In the sliding wedge or iris crimper, adjacent pie-piece-shaped sections move inward and twist, much like the leaves in a camera aperture. This crimper can be engineered to have two different types of endpoints. It can stop at a final diameter, or it can apply a fixed force and allow the final diameter to float. From the discussion on the collet crimper, there are advantages in applying a fixed level of force as variabilities in strut and balloon dimension will not change the crimping force. The sliding wedges impart primarily normal forces, which are the least damaging to stent coatings. As the wedges slide over each other, they impart some tangential force. But the shear damage is frequently equal to or less than that of the collet crimper. Lastly, the sliding wedge crimper presents a nearly cylindrical inner surface to the stent, even as it crimps. This means the crimping loads are distributed over the entire outer surface of the stent.
All current stent crimping methods were developed for all-metal stents. Stent metals, such as stainless steel, are durable and can take abuse. When crimping was too severe, it usually damaged the underlying balloon, not the stent. But polymeric stents and polymeric coatings present different challenges.
Moreover, as part of polymeric stent manufacture, brittle polymeric material is laser cut. The polymer's brittle nature and the stress induced by laser cutting can cause stress cracking in the polymeric stent during the crimping process.
In the drug eluting or delivery stent arena, drugs are commonly placed or coated on the stent in combination with a polymer, or mixed into the polymer body for polymeric stents. This placement typically coats all stent surfaces or causes the drug to be distributed throughout the polymeric stent. Then the stent is crimped onto the catheter. In general, polymer coatings are softer, weaker, and less durable than the underlying stent material. Upon crimping, for example with a sliding wedge crimper, and following crimp protocols for the particular stent, coating damage is frequently seen. For polymers that are brittle or hard, crimping process can crack the stent coating or the polymeric stent strut.
Grip is a process conducted after crimping to further increase stent retention. An outer sleeve restrains the crimped stent. Simultaneously, pressure and heat are applied to the stent-balloon section. Under this action, the balloon material deforms slightly, moving in between the struts. In a wet expansion test, the final stent-on-catheter assembly is immersed in deionized water at 37° C. for 30 seconds. Then the balloon is inflated according to the device instructions to at least a nominal pressure (e.g., 8 atmospheres). After holding this pressure for 30 seconds, the balloon is deflated, and the stent slides off. After drying, the stent can be examined by optical microscopy or scanning electron microscopy for coating damage.

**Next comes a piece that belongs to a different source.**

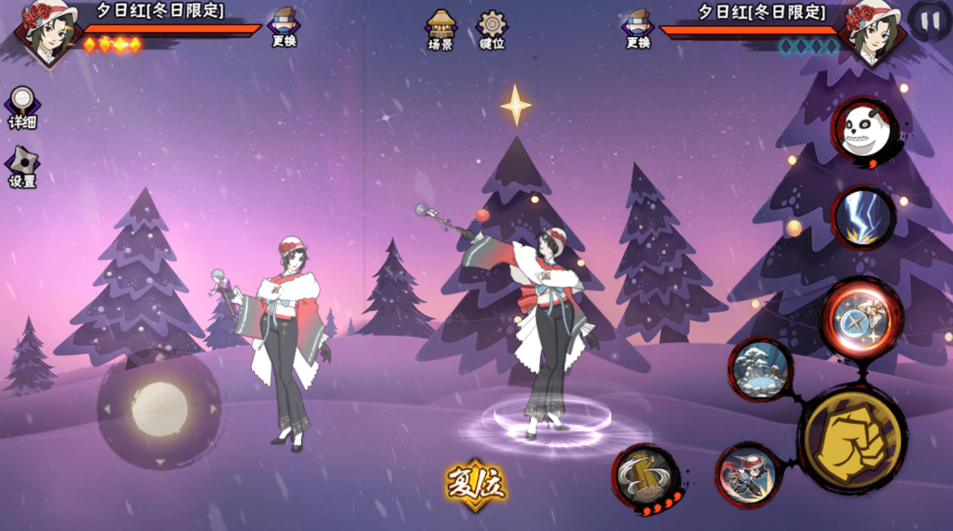 冬日限定夕日红的双技能基本都是X轴,一技能短按是幻象,偶尔可以墙角保护自己,持续时间也不算短。长按的无敌位移有明显的后摇,不要老是想着用这个技能穿对方的攻击,除非你是有提前预判才行。二技能会有一个非常明显的结印动作,再加上主要是X轴,对方甚至是可以看到你结印,还能顺着Y轴躲过去。所以,只看两个技能,冬日限定夕日红在起手和反手方面都没有什么太大的优势。二技能在板边朝着墙角释放的特殊效果有一定的身后判定,也基本没有了结印的前摇,本体有短暂无敌,这样的二技能倒是还行。

The primary purpose of the polymer in the stent coating is to contain the drug and control its release at a desired rate. Other obvious specifications for the polymer are a high level of vascular biocompatibility and the ability to flex and elongate to accommodate stent expansion without cracking or peeling. Meeting all of these objectives, while also possessing a high level of toughness and strength to withstand conventional crimping process, can be challenging.
A crimping device and process that minimizes damage to the polymer coatings of stents is needed. Moreover, a crimping process that minimizes internal stress or strain in the polymeric substrate of a polymeric stent is also needed.